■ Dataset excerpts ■
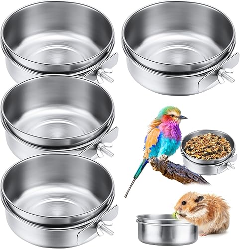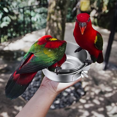 Aoriher 4 Pack Large Bird Feeding Dish Cups 30 oz Stainless Steel Parrot Feeders Food Water Cage Bowls with Clamp Holder for Cockatiel Conure Budgies Parakeet Macaw Small Dog Cat Animal
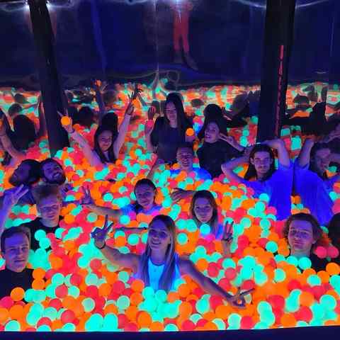 Сухой бассейн со светящимися шарами
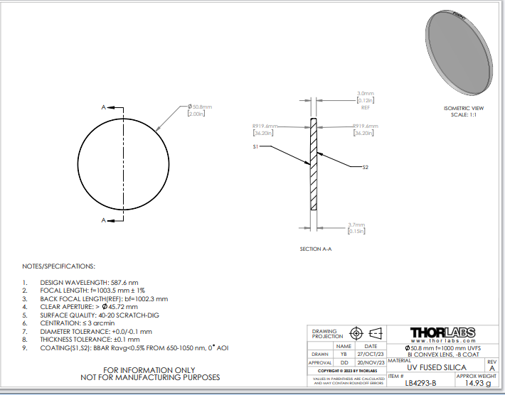 Thorlabs索雷博 LB4293-B 双凸透镜
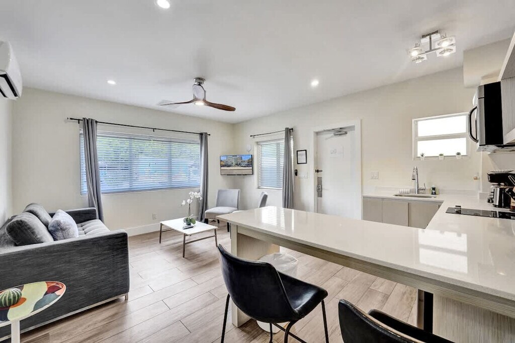 The advertised rate of $3,690/month is the lowest available price, based on a 30 day(s) stay with a move-in date of May 6, 2026. Rates vary depending on the duration of stay, season, and other parameters. For exact pricing and additional pricing components, please visit our website and enter your desired move-in and move-out dates. The rate is applicable when billed upfront; it can be higher if billed in multiple payments. Enjoy South Florida’s sunshine and clear waters! Feel at home in this stylish private apartment, steps from the beach and close to Las Olas Blvd, FLL airport, highways, great restaurants, nightlife, shopping, and cafés. It is the perfect centrally located spot for a relaxing and convenient Fort Lauderdale stay. This cozy retreat is designed with comfortable furnishings, comfortable beds, and a relaxed, welcoming vibe. Enjoy lush towels, premium linens, free Wi-Fi, a smart TV for streaming, and an updated exterior with a private deck. Take a dip in the brand-new plunge pool with a sunken lounge. There is also on-site laundry access. Parking is limited and available on a first-come, first-served basis for $30 per day. Payment is required prior to check-in. There is also a dedicated on-site office space plus vending machines with snacks and drinks. Perfectly located near Las Olas Blvd, top restaurants, nightlife, and FLL Airport, this apartment blends coastal charm with modern comfort. You’ll also enjoy being conveniently close to major attractions, approximately 15 minutes from Fort Lauderdale–Hollywood International Airport (FLL), approximately 10 minutes from Port Everglades (Cruise Port), and approximately 5 minutes to Las Olas Boulevard. No parties, gatherings, or events are allowed, and will result in a $500 fine and immediate removal without refund. Quiet hours are from 10:00 PM to 9:00 AM. Any noise complaint may result in a $500 fine and/or cancellation without refund. No indoor smoking is allowed (includes cigarettes, vaping, hookah, cigars, or cannabis). Outdoor smoking is permitted at least 10 feet from the building, with doors and windows closed, and a $500 fine will be assessed for any violation, which may result in immediate cancellation without refund. If you have a pet, it must be approved before booking, and the pet fee must be paid prior to receiving check-in instructions. Guests must send a photo of a valid ID that matches the reservation name via message before receiving check-in instructions. Guests must sign the rental agreement and check-in form before arrival. A $350 pre-authorization hold will be placed upon check-in to cover potential damages. Do not unplug, move, or tamper with cameras or any connected devices, and a $1,000 fine will be assessed for violations, which may result in immediate cancellation without refund. Includes dedicated on-site office space. Please note that the partner will place a $350 refundable authorization hold on a credit or debit card about 72 hours before arrival for security. If damages or policy violations occur, related charges may apply; otherwise, the hold is released after checkout and processed within 5-7 business days. [SI]
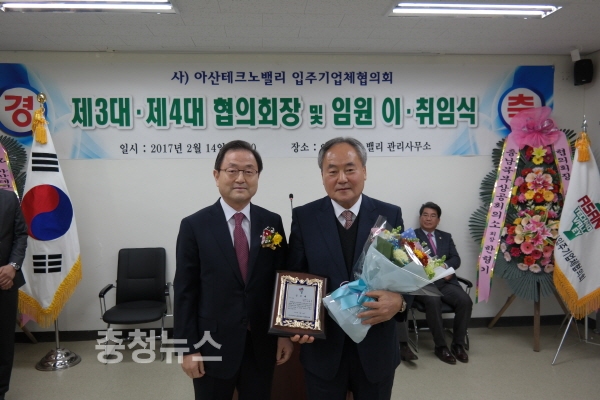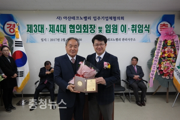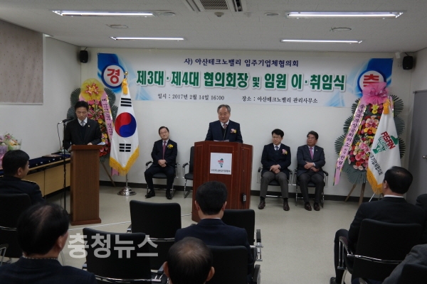 충남 (사)아산테크노밸리 입주기업체협의회 ( 협의회장 신용문, 신라엔지니어링 주식회사 )는 14일 산업단지 관리사무소에서 제3대, 제4대 협의회장 이·취임식을 개최하였다.
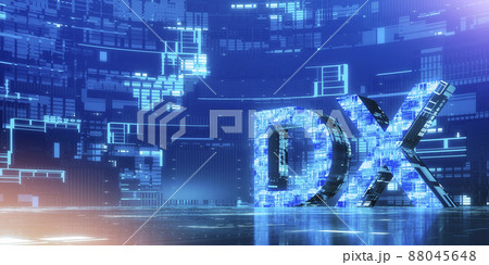 立体的なDXシンボル / デジタルトランスフォーメーション・未来志向のイノベーションのイメージ
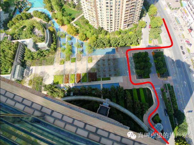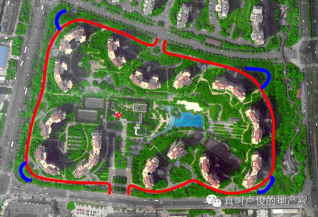 现在所有的项目都强调人车分流,把所有的行车路线都留到地下,地面全部人行。用这样的标准来打造一个高端牛逼的小区。我们看虽然他的围合式排布让大量的绿化都留给业主,但是我们看到这个小区的外围还是走车的
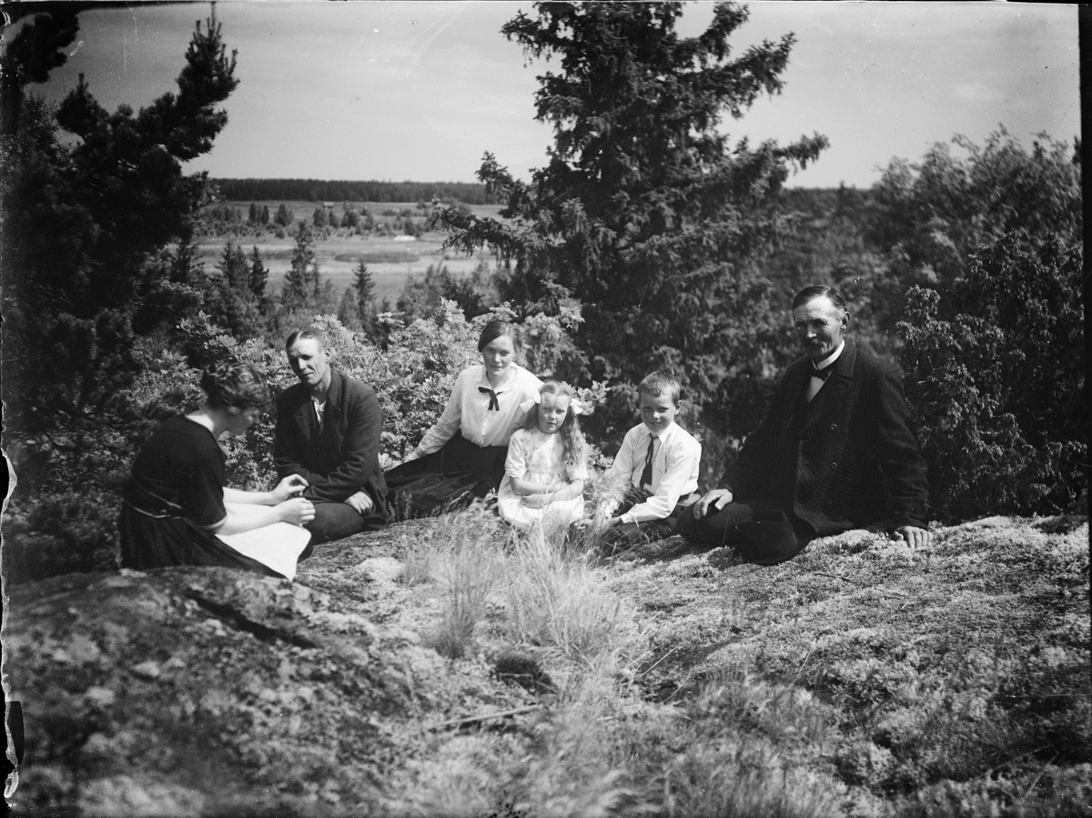 Kvinna, man och barn sitter på en "bergknalle", Östhammar, Uppland
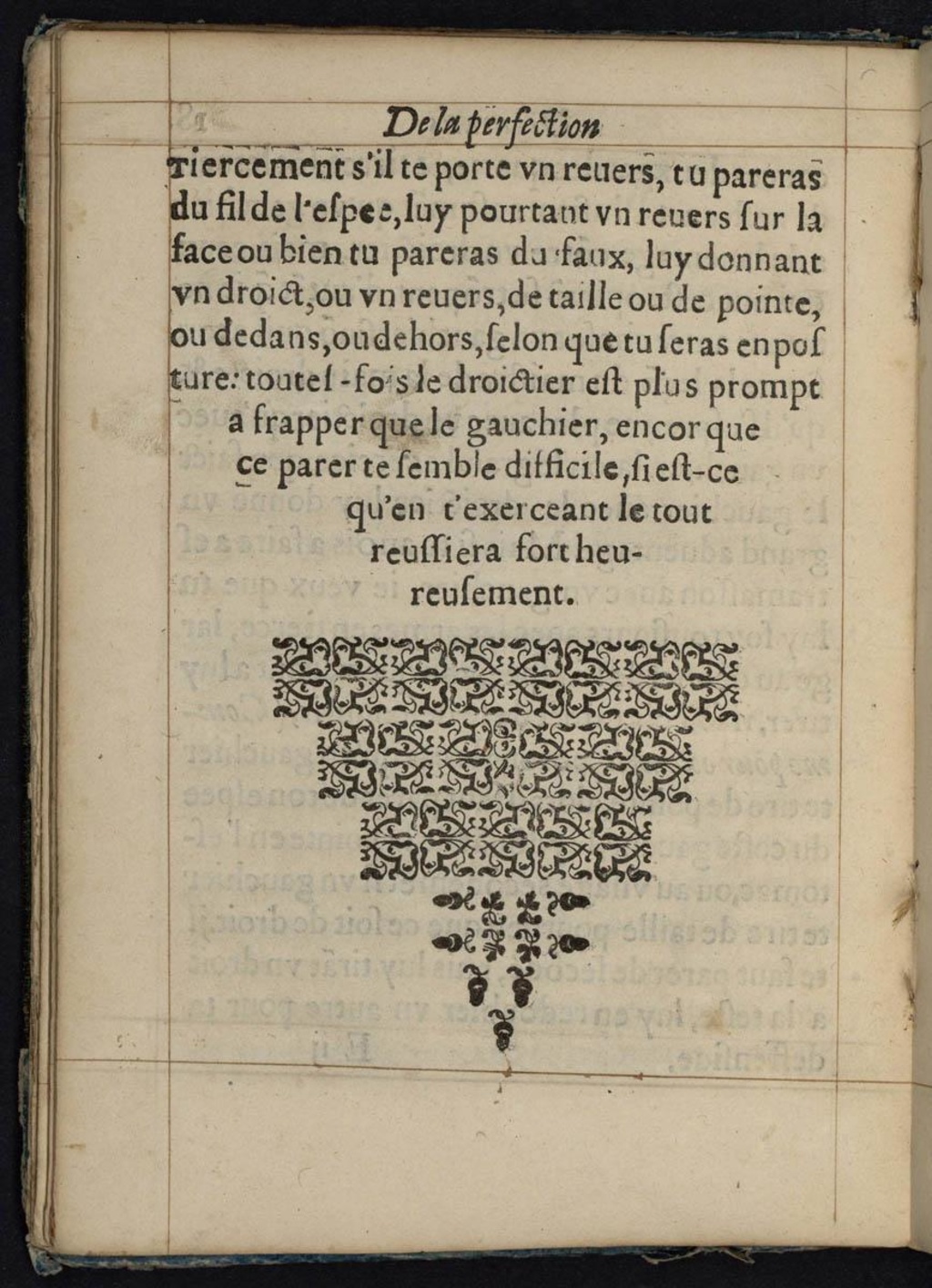 Tiercement s’il te porte un revers, tu pareras du fil de l’espee, luy pourtant un revers sur la face ou bien tu pareras du faux, luy donnant un droict, ou un revers, de taille ou de pointe, ou dedans, ou dehors, selon que tu seras en posture : toutes-fois le droictier est plus prompt a frapper que le gauchier, encor que ce parer te semble difficile, si est-ce qu’en t’exerceant le tout reussiera fort heureusement.
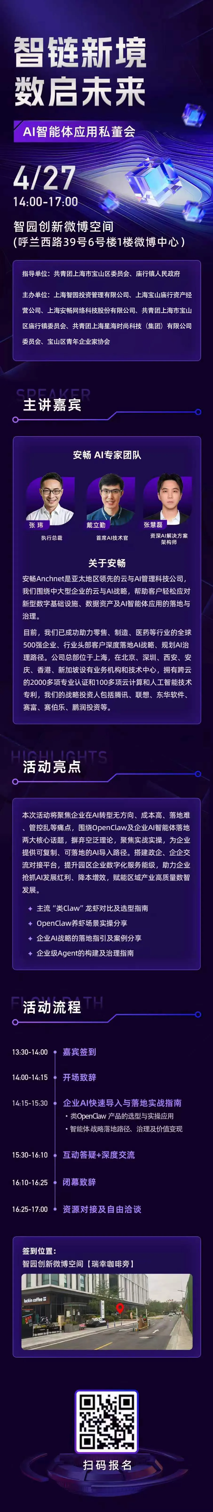 OpenClaw实操+落地→AI抢跑窗口期高端私董会,限时开放! AI转型没方向、成本高、落地难、管控乱? 别再只听理论!这场“纯实战、可落地、能复用”的AI私董会,帮你把AI真正用进业务里。 欢迎企业创始人/总经理/高管扫码报名参加! 理论千遍,不如实战一遍!解决 AI 转型所有难题,OpenClaw 实操落地、专家一对一答疑、高端资源互通,这场高端私董会全部给到。 供稿:镇团委 经发办
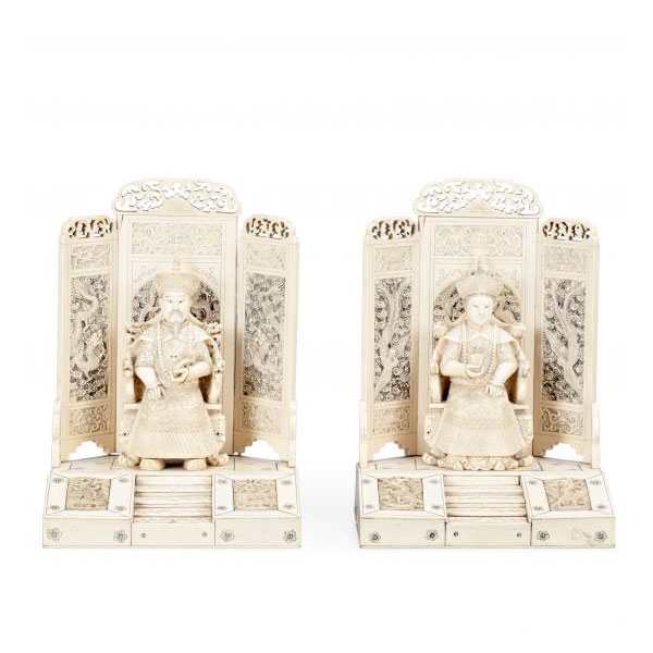 "Emperadores"Pareja de esculturas en marfil tallado, grabado y calado.
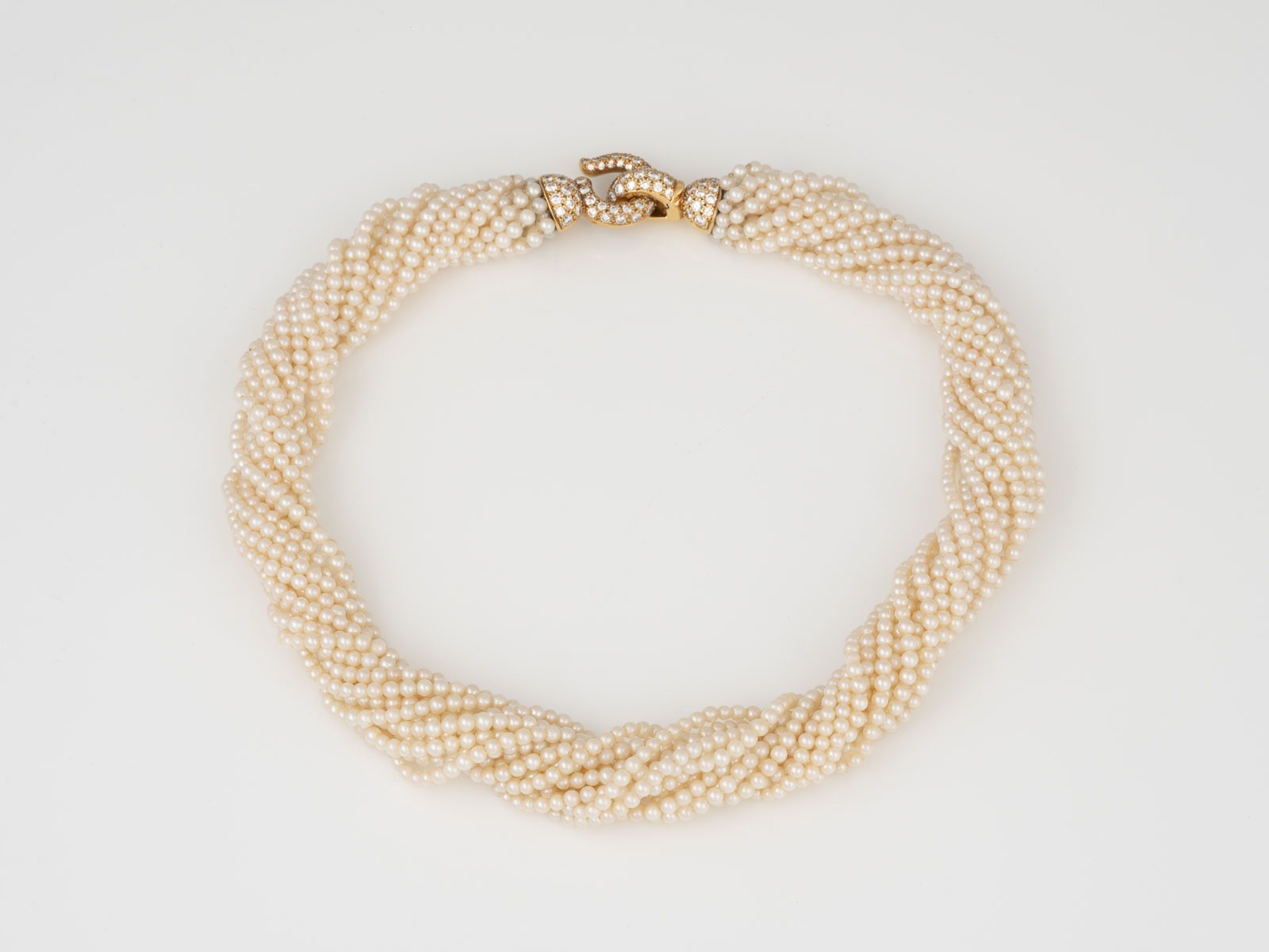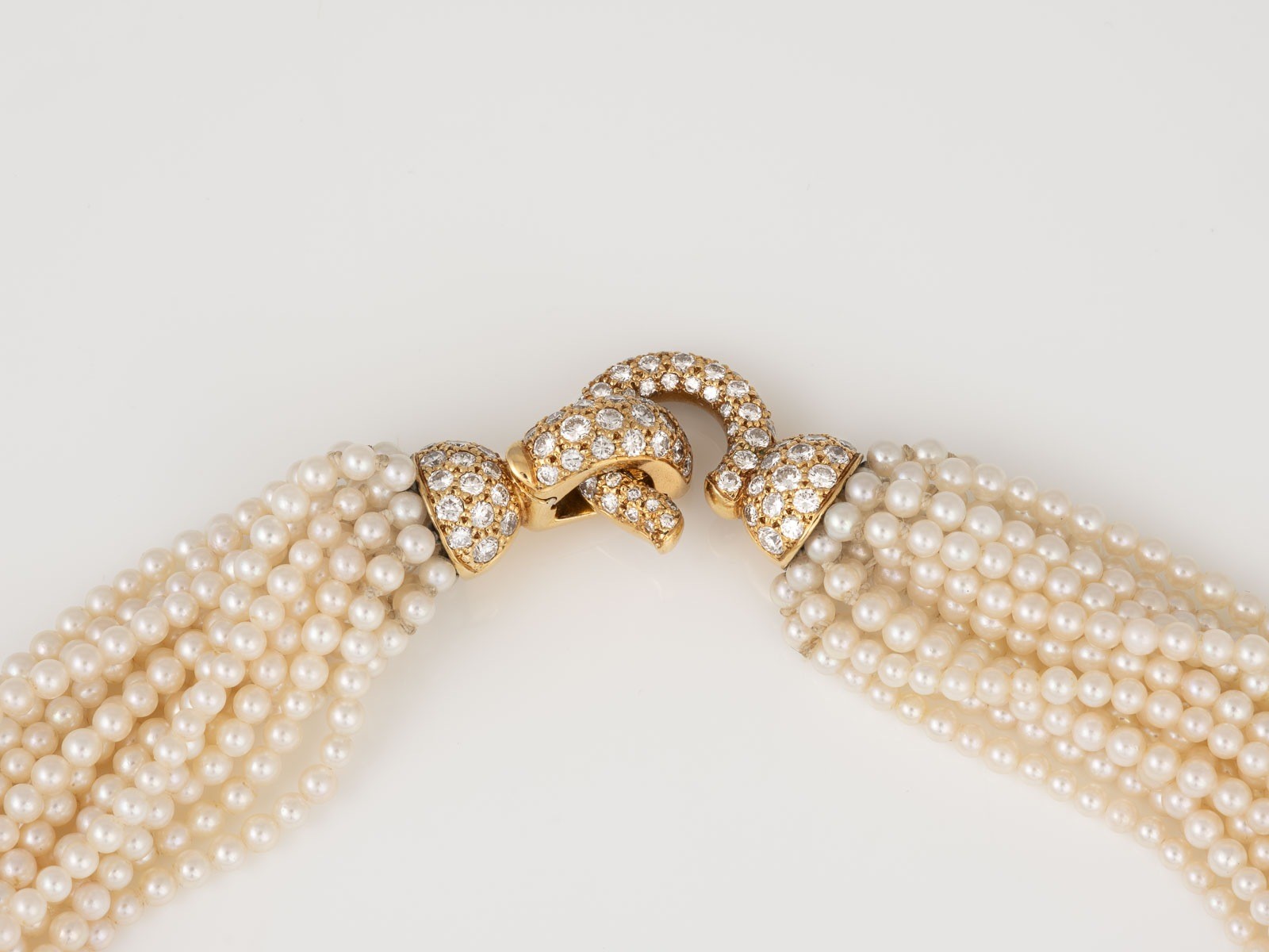Gelbgold. L. 43 cm, Ges.-Gew. ca. 85,5 g. Gest. 750, Herstellersignet, französische Marke 'Adlerkopf', nummeriert. 16-reihiges Perl-Collier, D. der Perlen jeweils ca. 2,8 mm, Schließe besetzt mit 99

■ Problem ■
Beginning at the line above that contains "实操落地、专家一对一答疑、高端资源互通,这场高端私董会全部给到。 供稿:镇团委 经发办", repeat each line exactly through the one that contains "grabado y calado.", and leave out the pictures.

■ Exercise solution ■
 OpenClaw实操+落地→AI抢跑窗口期高端私董会,限时开放! AI转型没方向、成本高、落地难、管控乱? 别再只听理论!这场“纯实战、可落地、能复用”的AI私董会,帮你把AI真正用进业务里。 欢迎企业创始人/总经理/高管扫码报名参加! 理论千遍,不如实战一遍!解决 AI 转型所有难题,OpenClaw 实操落地、专家一对一答疑、高端资源互通,这场高端私董会全部给到。 供稿:镇团委 经发办
 "Emperadores"Pareja de esculturas en marfil tallado, grabado y calado.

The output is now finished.